→ What you have to do
Beginning with the opening line of the entries, return every line through the one containing "I'm working with", both included, and nothing else. Omit pictures.

- - - -

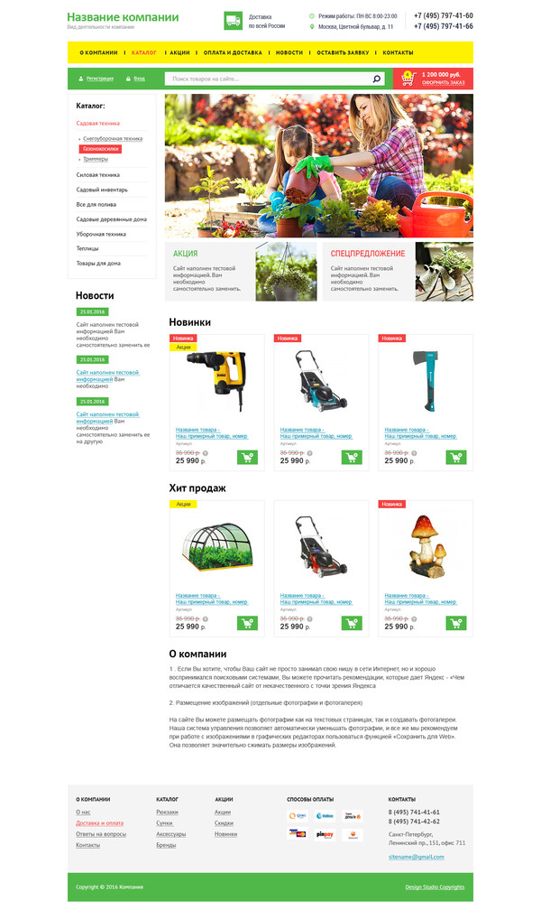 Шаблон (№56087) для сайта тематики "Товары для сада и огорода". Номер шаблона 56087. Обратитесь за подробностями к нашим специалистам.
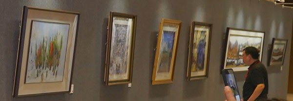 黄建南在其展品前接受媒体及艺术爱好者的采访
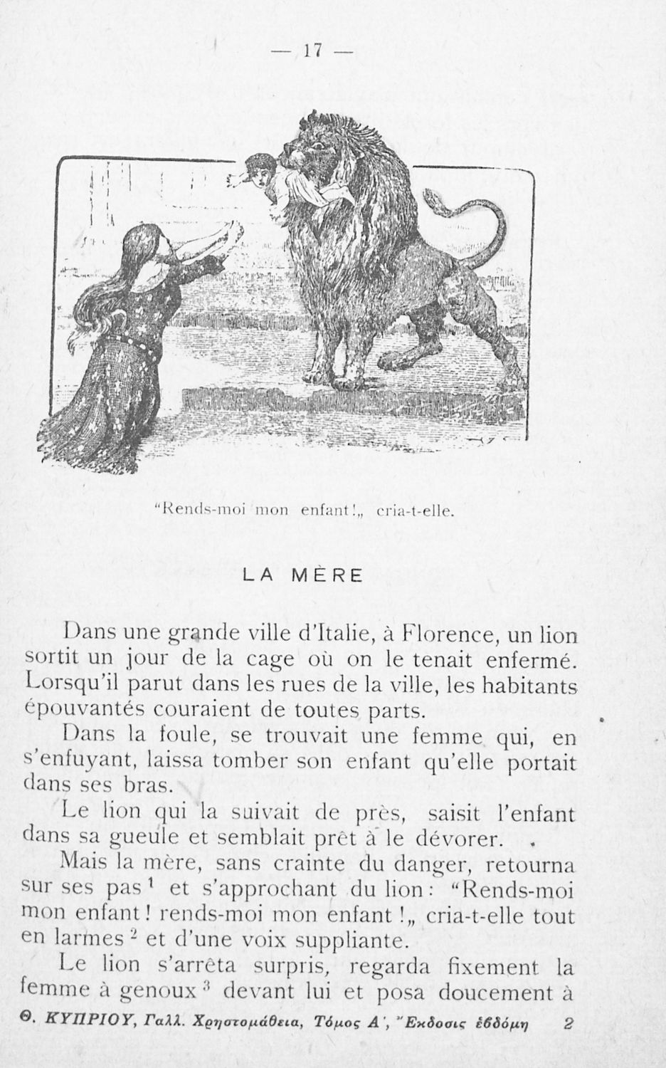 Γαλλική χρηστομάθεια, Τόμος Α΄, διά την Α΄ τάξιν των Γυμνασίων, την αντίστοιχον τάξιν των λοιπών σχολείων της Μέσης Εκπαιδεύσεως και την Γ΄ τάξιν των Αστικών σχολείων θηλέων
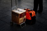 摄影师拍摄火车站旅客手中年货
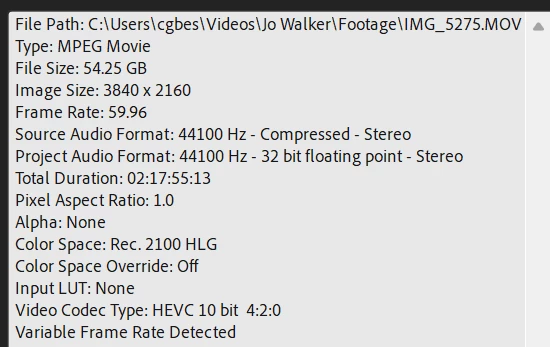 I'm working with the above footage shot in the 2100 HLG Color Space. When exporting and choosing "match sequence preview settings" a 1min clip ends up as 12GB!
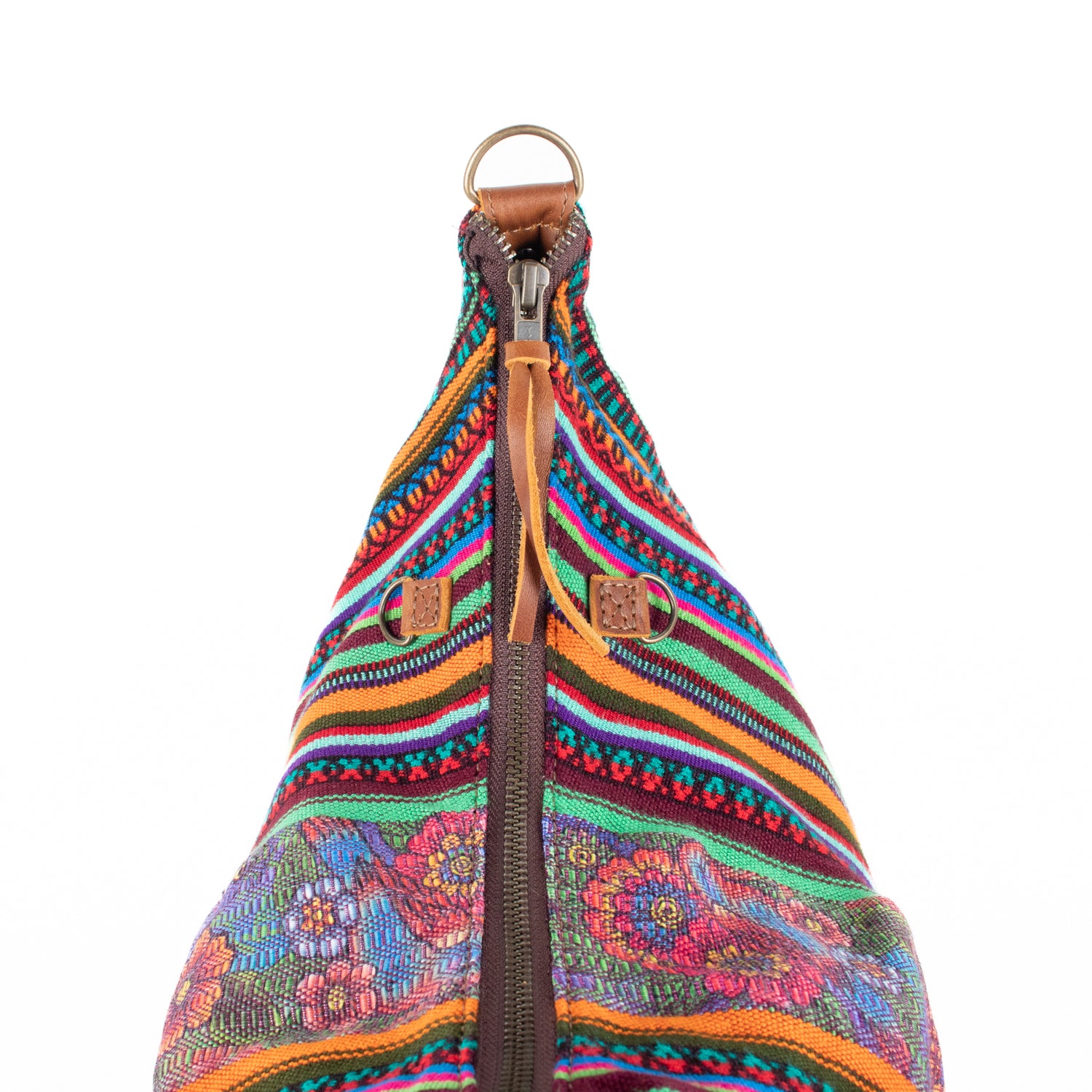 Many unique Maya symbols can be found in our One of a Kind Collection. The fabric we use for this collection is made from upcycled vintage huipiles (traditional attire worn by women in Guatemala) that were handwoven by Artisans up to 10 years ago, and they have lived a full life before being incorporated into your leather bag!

- - - -

→ Written solution
 Шаблон (№56087) для сайта тематики "Товары для сада и огорода". Номер шаблона 56087. Обратитесь за подробностями к нашим специалистам.
 黄建南在其展品前接受媒体及艺术爱好者的采访
 Γαλλική χρηστομάθεια, Τόμος Α΄, διά την Α΄ τάξιν των Γυμνασίων, την αντίστοιχον τάξιν των λοιπών σχολείων της Μέσης Εκπαιδεύσεως και την Γ΄ τάξιν των Αστικών σχολείων θηλέων
 摄影师拍摄火车站旅客手中年货
 I'm working with the above footage shot in the 2100 HLG Color Space. When exporting and choosing "match sequence preview settings" a 1min clip ends up as 12GB!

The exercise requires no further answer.